■ **TASK OBJECTIVE**
Set down every line from the one containing "Etek Ucu Volanlı" through the last line of the records below, exactly as written, and leave out the pictures.

[Saved data entries]
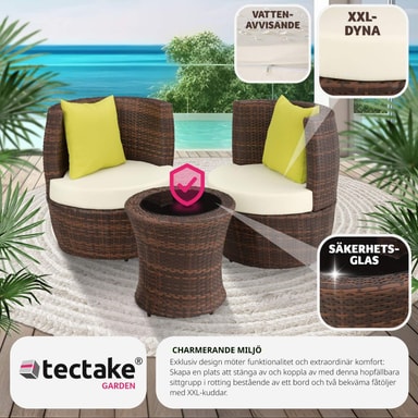 Lille sæt med stor virkning: Det elegante og moderne polyrattan loungesæt fra tectake er den ultimative løsning for dig, der ønsker smukke, holdbare og pladsbesparende havemøbler til dit udendørsområde.
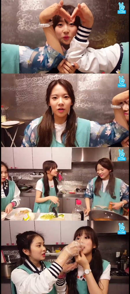 ‘올망졸망’ 한혜리와 김윤지, 강시현은 26일 네이버 V앱에서 방송된 ‘한혜리&김윤지&강시현 쿡방!’ 채널을 통해 팬들과 이야기를 나누며 쿡방에 도전했다.
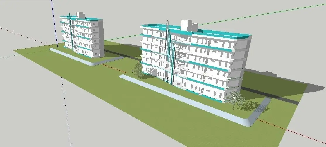 This apartment building consists of 2 units per floor. Each unit has an area of 35m^2. In each unit you can find 2 bedrooms, 1 master bedroom with walk-in closet and private restroom, 2 balconies, living area with restroom and a kitchen. The building has an elevator shaft and a staircase with roof access. the roof can be used as social space, storage, or garden.
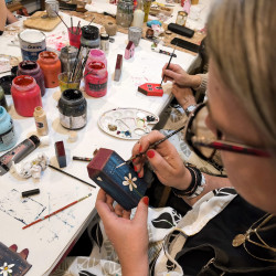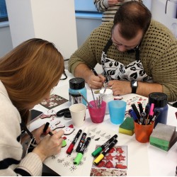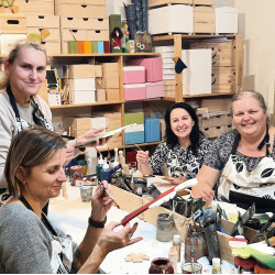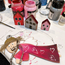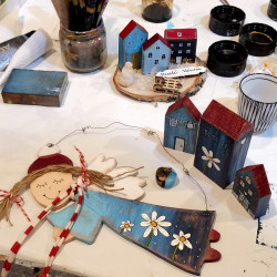 Vše budeme malovat profi akrylovými barvami. Ukážeme vám různé typy na zdobení, malování či patinování. Každý účastník kurzu si odnese sadu ozdob na vánoční stromeček, malovaného andělíčka a domečky.
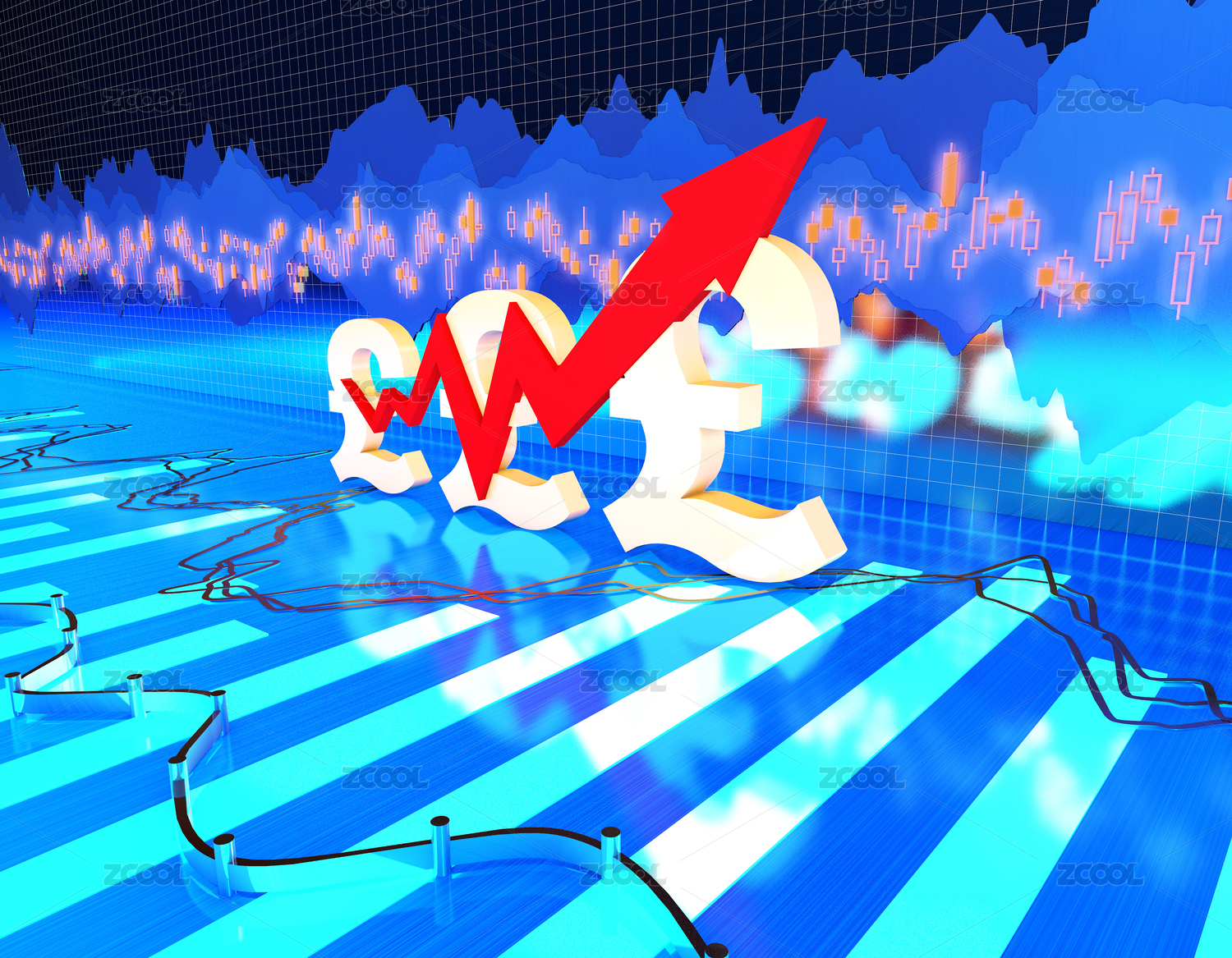 金融股市经济统计图表,货币升值与经济发展成功,英镑货币符号
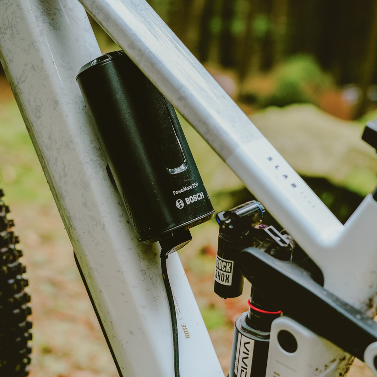Extend your range with just the size of a water bottle: The Bosch PowerMore 250 Range Extender is the fast and compact solution for even longer tours on your compatible e-bike with Bosch Smart System – e.g. the Rose Slab Plus.
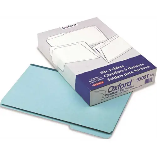 Use these pressboard folders for heavy-duty and bulky records. 25 point blue pressboard offers a sturdy construction. Folders offer a 1 in. expanding, extra-strong, tape-reinforced gusset at bottom, 9-1/2 in. H and 1/3-cut tabs in assorted positions.
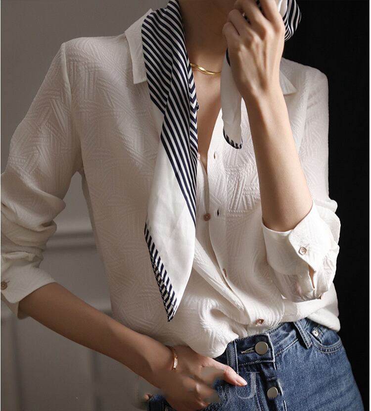 [EWQ] 高級白シャツジャガード刺繍長袖シングルブレストブラウス春潮オーバーサイズトップス 195 ロング ホワイト スプリング 春物
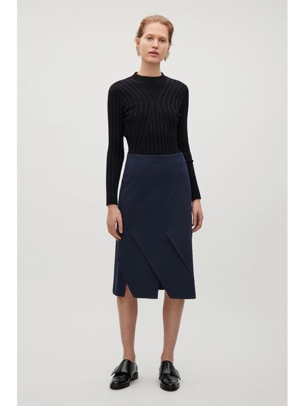 Юбка COS, размер М, подойдет на Л Изготовлена из панелей из трикотажа с современными деталями и двойным швом. Ширина пояса 43 см, поб 50 см, длина 73 см. одета 2-3 раза, состояние новой вещи.
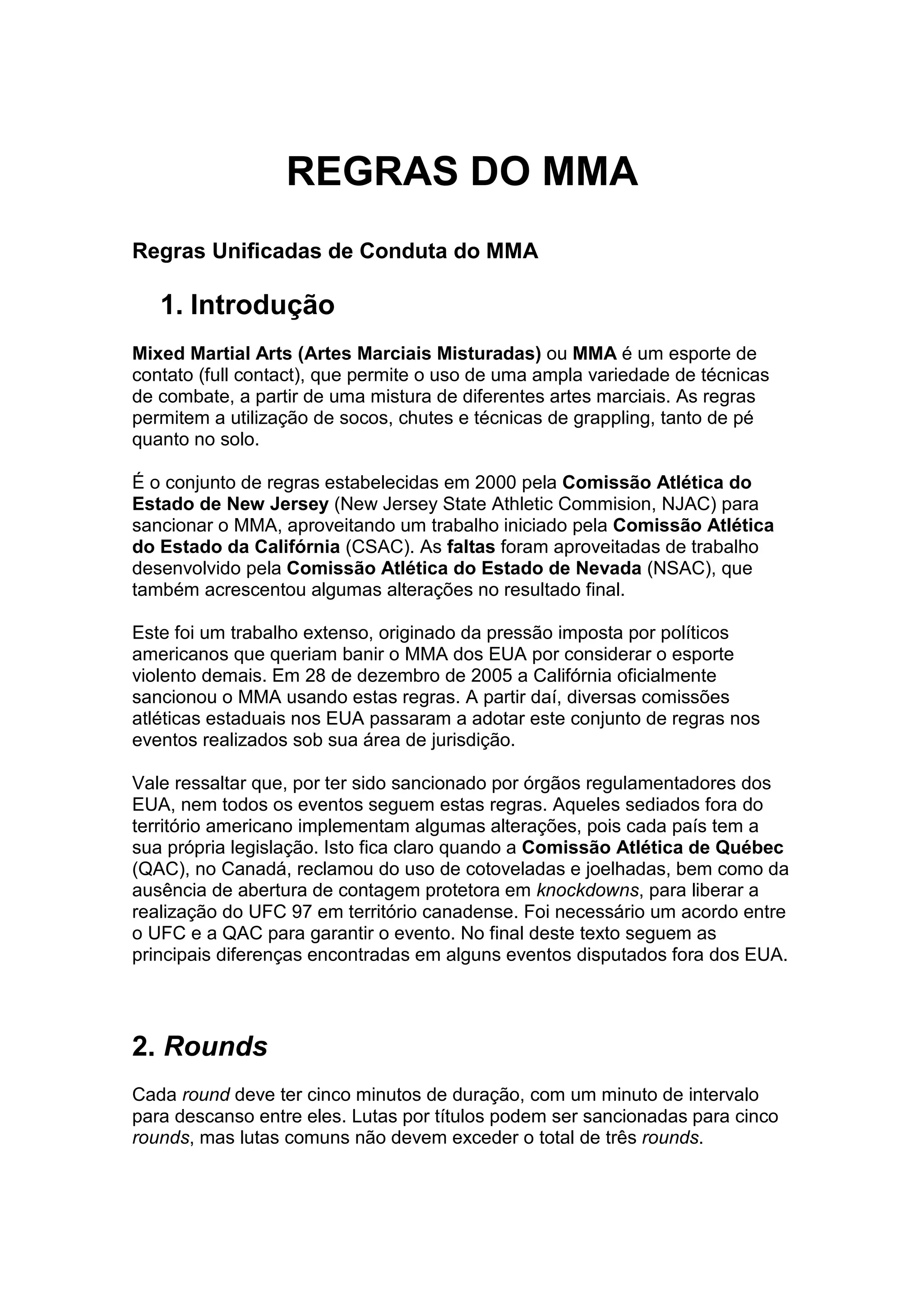 As regras unificadas do MMA estabelecem os requisitos para os rounds, equipamentos, técnicas permitidas e proibidas, arbitragem, resultados possíveis de uma luta e condutas gerais dos lutadores. São permitidos socos, chutes, quedas e finalizações, mas são proibidas cabeçadas, mordidas e ataques à região genital. As lutas são divididas em rounds de 5 minutos com intervalos de 1 minuto.
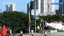 This is the terrifying moment a cement tanker ran over a scooter driver who was knocked down by a car door in eastern China.<br /><br />The CCTV video, filmed in Jinhua City in Zhejiang Province on Tuesday (August 7), shows a driver suddenly opening his door, knocking down a scooter driver passing by.<br /><br />The scooter driver spins away on the ground before her head is run over by a cement tanker.<br /><br />The car driver goes to check on the woman immediately and calls the police.<br /><br />According to reports, the woman scooter driver lying on the road told the driver her family’s number and asked him to contact them. Later, the woman was taken to hospital in an ambulance.<br /><br />Thanks to the woman's helmet, she escaped death with only minor head injuries.<br /><br />Reports later said the case was being investigated by police.
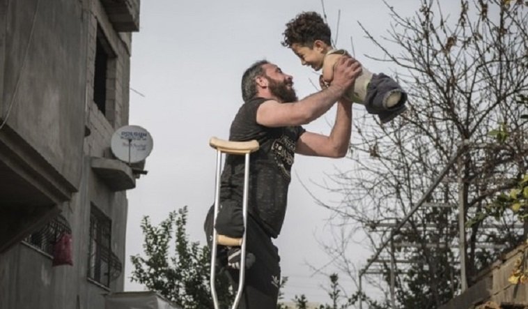 Ο λόγος για τον οποίο συγκλονίζει αυτή η φωτογραφία είναι ότι ο Μουνζίρ έχασε το δεξί του πόδι όταν έπεσε βόμβα ενώ περπατούσε σε παζάρι στην Ιντλίμπ της Συρίας. Ο γιος του Μουσταφά γεννήθηκε χωρίς κάτω και άνω άκρα λόγω συγγενούς διαταραχής, της τετραμελίας, καθώς η μητέρα του Ζεϊνέπ έπρεπε να πάρει φάρμακα αφού εκτέθηκε σε νευρικό αέριο στη διάρκεια του πολέμου στη Συρία.
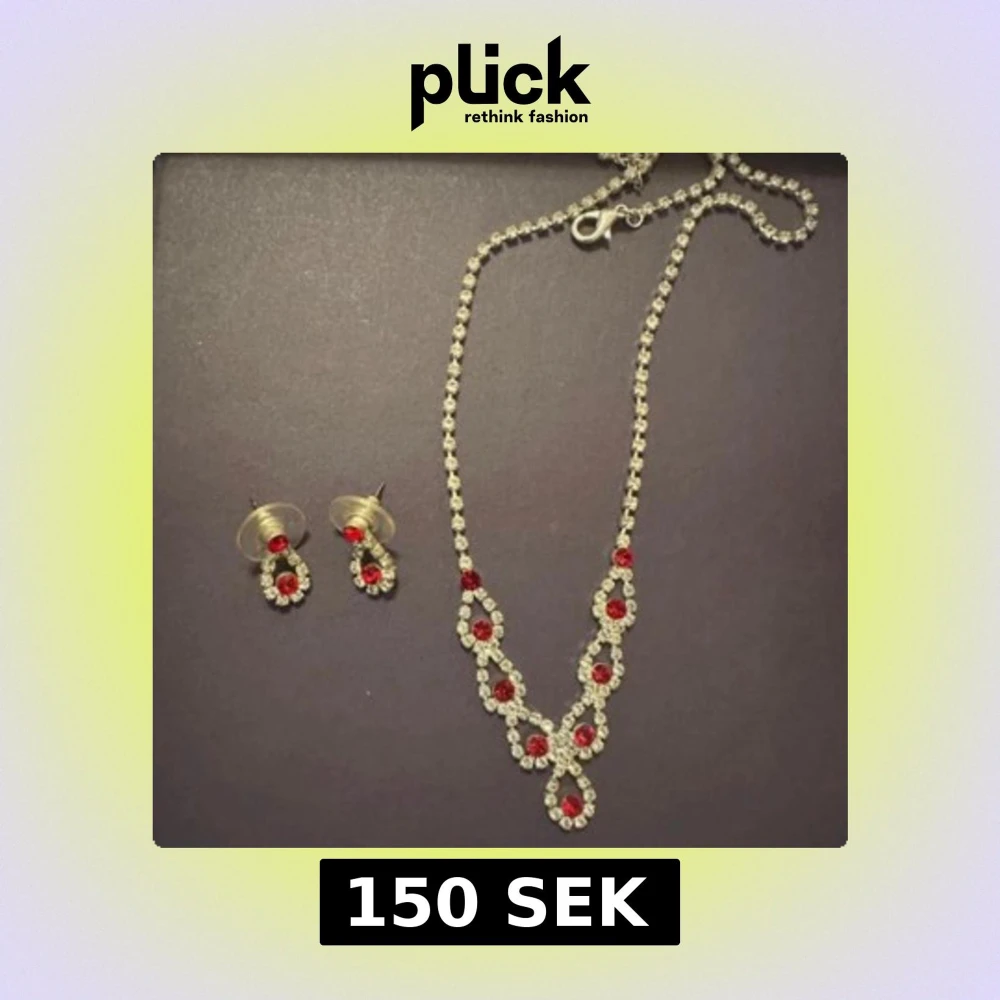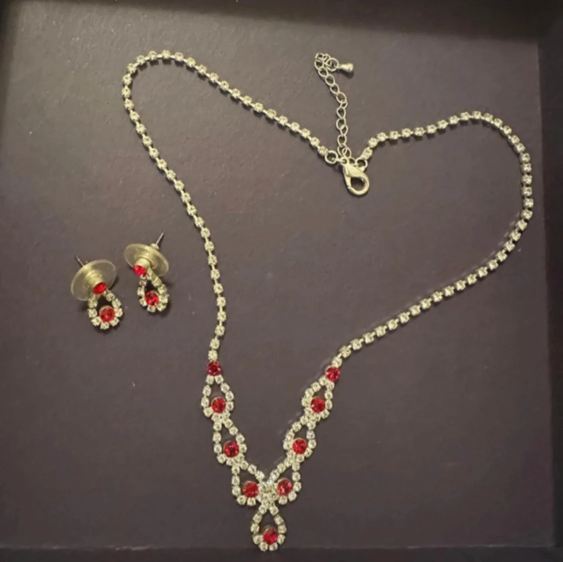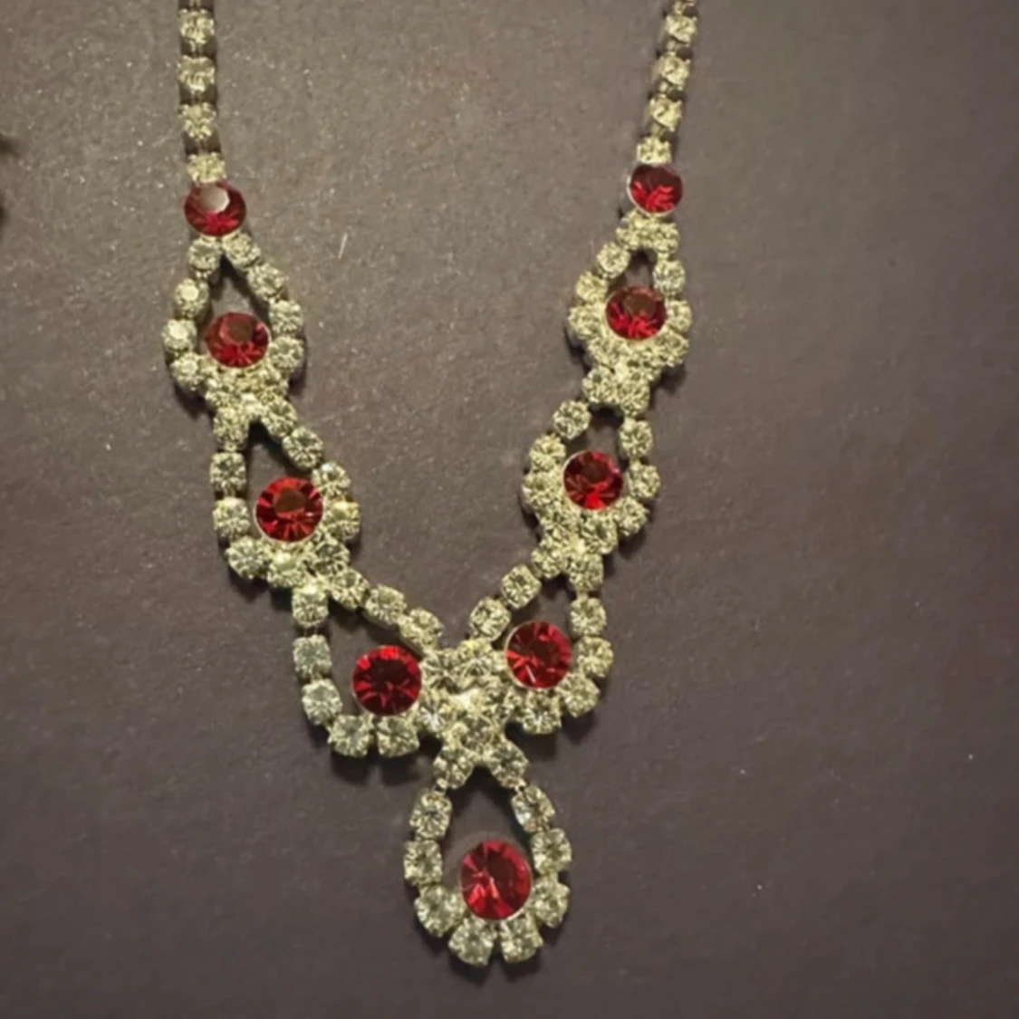 Set med halsband och örhängen i silverfärg med gnistrande klara stenar och röda kristaller. Halsbandet har droppformade detaljer och örhängena matchar med samma form och färg
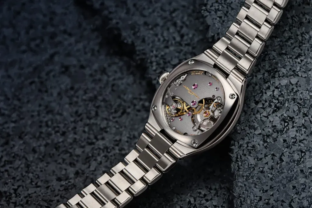 Uvnitř tohoto technického šperku bije exkluzivní automatický strojek s mikrorotorem, který je viditelný skrze safírové dýnko. Tato mechanika není jen funkčním prvkem, ale uměleckým dílem samo o sobě, každý komponent je ručně dokončen, zkosen a leštěn podle nejpřísnějších standardů vysokého hodinářství. Integrovaný titanový tah plynule navazuje na pouzdro a vytváří tak kompaktní celek, který působí velmi organicky a přirozeně.
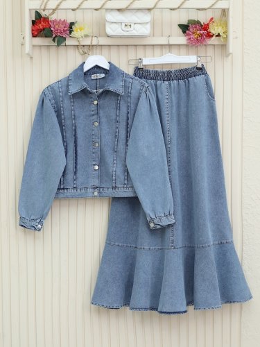 Etek Ucu Volanlı Düğmeli Ceketli Kot takım -Buz Mavi
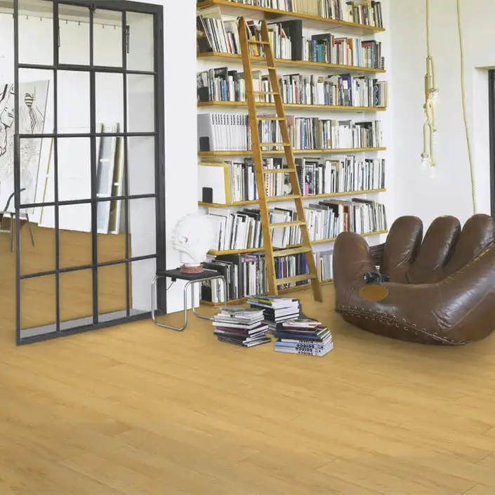 Wil je wat meer rust creëren dan is de gekozen vloer een perfecte keuze. Deze naturel kleurige vloer geeft daarnaast vrolijkheid en energie aan de ruimte en werkt in donkere ruimtes licht verhelderend.

■ **WRITTEN RESPONSE**
 Etek Ucu Volanlı Düğmeli Ceketli Kot takım -Buz Mavi
 Wil je wat meer rust creëren dan is de gekozen vloer een perfecte keuze. Deze naturel kleurige vloer geeft daarnaast vrolijkheid en energie aan de ruimte en werkt in donkere ruimtes licht verhelderend.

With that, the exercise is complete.